Details how to execute all of those steps are found below.

Graph building

To generate a graph file from a reference sequence, run the following command from the AeronScripts folder:

	python GraphBuilder -e Path_to_the_genome_sequence -g Path_to_the_gtf_file -o Output_File

The above command will generate a "gfa" file, which must be used for the transcript quantification and gene-fusion detection steps. The graph file generated during this step can be used for multiple datasets

A sample graph file generated from annotated transcripts of human (ENSEMBL v92, hg38) is provided in the input file.

Things to remember:

The genome sequence file should be in fasta format with each sequence representing a chromosome.
The number of chromosomes in the sequence fasta file should match the number of chromosomes in the gtf file.
The chromosome ids in the sequence fasta file should match the chromosome ids in the gtf file.

Quantification and gene-fusion event detection

In the folder Aeron, make a directory titled input
Copy the input files to the "input" folder
Input files should include:
- The input read file(s) in fasta or fastq format.
- A graph file in .gfa format.
- Annotation file of the species in gtf format.
- Transcript sequences (not genome) in fasta or fastq format.
Make sure that there is no underscores in the file names, graph .gfa, reads .fq, transcripts .fa
Edit config.yaml, add input file names. An example config file is provided in the repository. Below we explain some of the parameters to be set in the config.yaml with more details.

parameter	default	explanation
graph	-	Relative or absolute path of the input graph generated with the graph building script
transcripts	-	Relative or absolute path of the reference transcripts in fasta/q format
reads	-	Name of the input long read fasta/q file(s). Multiple files can be included by placing each of them in its own line. the files should be in the input folder. Do not include "input/".
gtffile	-	Relative or absolute path of the gtf file used for building the graph
vgpath	-	Relative or absolute path of the vg toolkit binary (https://github.com/vgteam/vg)
fusion_max_error_rate	0.2	Maximum allowed error rate for a read to support a fusion. If a read aligns to a predicted fusion transcript with a higher error rate, it is considered to not support the fusion.
fusion_min_score_difference	200	Minimum score difference for a read to support a fusion. If a read aligns to both a reference transcript and a predicted fusion transcript, and the score difference is less than the parameter, it is considered to not support the fusion. Higher values lead to a higher precision (higher fraction of predicted fusions are real) at the cost of lower sensitivity (smaller number of real fusions are detected).
seedsize	17	Minimum size of an exact match between a read and a transcript to be used for alignment in the quantification pipeline. Higher values lead to faster runtime for quantification but potentially lower accuracy.
maxseeds	20	Number of exact matches used for alignment in the quantification pipeline. Higher values lead to a slower runtime for quantification but potentially higher accuracy.

For quantification:

Run the following command

snakemake --cores=no_of_cores all  (experiments were run using 10 cores)

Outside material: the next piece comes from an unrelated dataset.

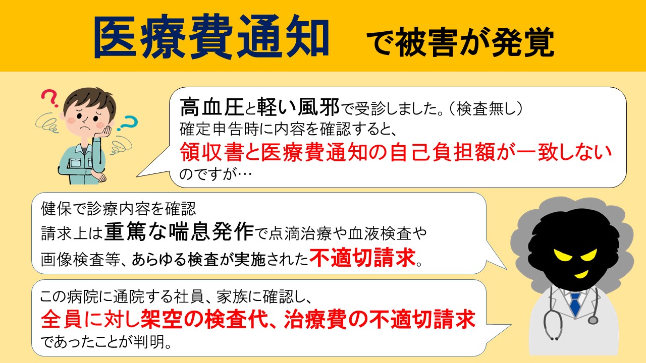 調査の結果 : 健保組合が詳細な診療内容を確認したところ、患者ご本人からは適切な医療費が徴収されていた。しかし、健保組合への請求には、実際には実施されていない架空の検査代や治療費 が含まれていました。
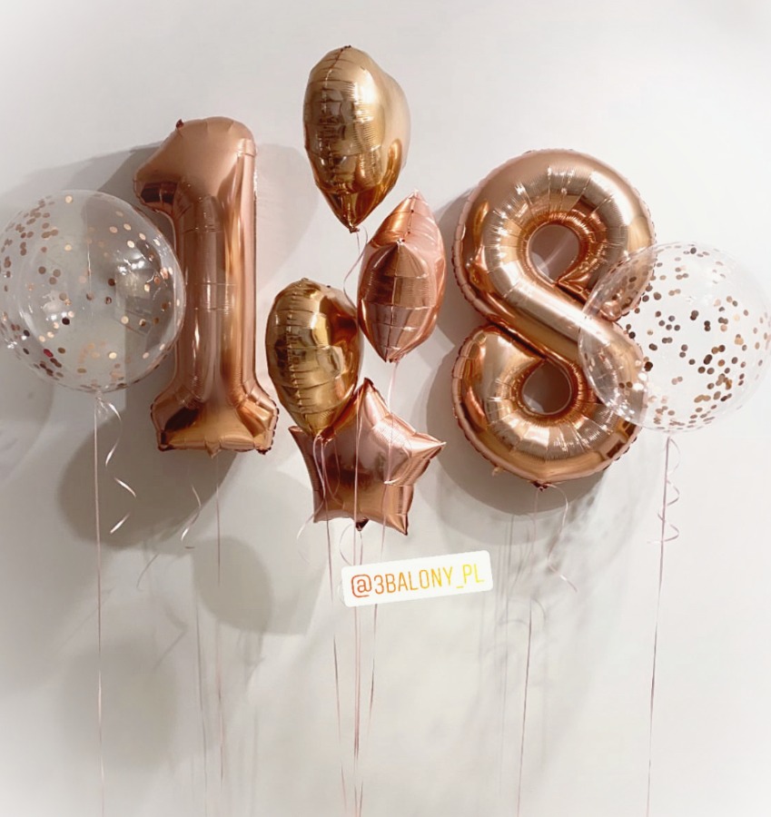 • 2 x balon foliowy cyfra, kolor rose gold, rozmiar 90 cm z helem.

The quantification results will be in a folder named output

For gene-fusion detection

First run the quantification (see above)
Then run the following command (adjusting the number of cores as needed)

snakemake --cores 40 all -s Snakefile_fusion

The fusion detection results will be in a folder named fusionoutput

The predicted fusion gene candidates need to be analyzed carefully. In out preprint we delineate additional steps that should be considered to validate/analyze predicted fusion genes.

Citation (and more details)

AERON: Transcript quantification and gene-fusion detection using long reads

Mikko Rautiainen$, Dilip A Durai$, Ying Chen, Lixia Xin, Hwee Meng Low, Jonathan Göke, Tobias Marschall**, Marcel H. Schulz,** link to preprint

$ joint first authors, ** corresponding authors

Things to remember:

The graph file given with the repository has been generated using annotated transcripts of human (ENSEMBL v92, hg38). Hence, the file can be used as an input. There is no need to generate a new graph file.
You only need to create the input folder once. Multiple files can be included in the input folder. Also, multiple snakemake runs can be executed using the same input folder.
An AERON run will create a folder called tmp to store temporary files. The files are named according to the input file given to the program. For instance, a file containing node name to integer mapping for a graph file MyGraph.gfa will be named as MyGraph_nodemapping.txt. If, in another run, the program is using a graph file with the same name (MyGraph), then AERON wont create a new file. Instead it will use the old mapping file. This tmp folder can be removed after every snakemake run

aeron's People

Contributors

Stargazers

Watchers

Forkers

shixianhu wangdi2014 areebapatel michalkowalski94 iskyer1980 standardgalactic changlabsnu qinqian

aeron's Issues

Missing default value for fusion detection

I noticed fusion detection has following parameters but they are not set in config file
FUSION_MAX_ERROR_RATE = config["fusion_max_error_rate"]
FUSION_MIN_SCORE_DIFFERENCE = config["fusion_min_score_difference"]

Error in rule postprocess

Keep getting error in rule postprocess for only some read files, not sure what the issue is. There is no provided detail about the error. I have added a /tmp directory as well. The errors say:

Error in rule postprocess:
jobid: 99
output: .....
shell: .....

Is there some known issue with the postprocess binary?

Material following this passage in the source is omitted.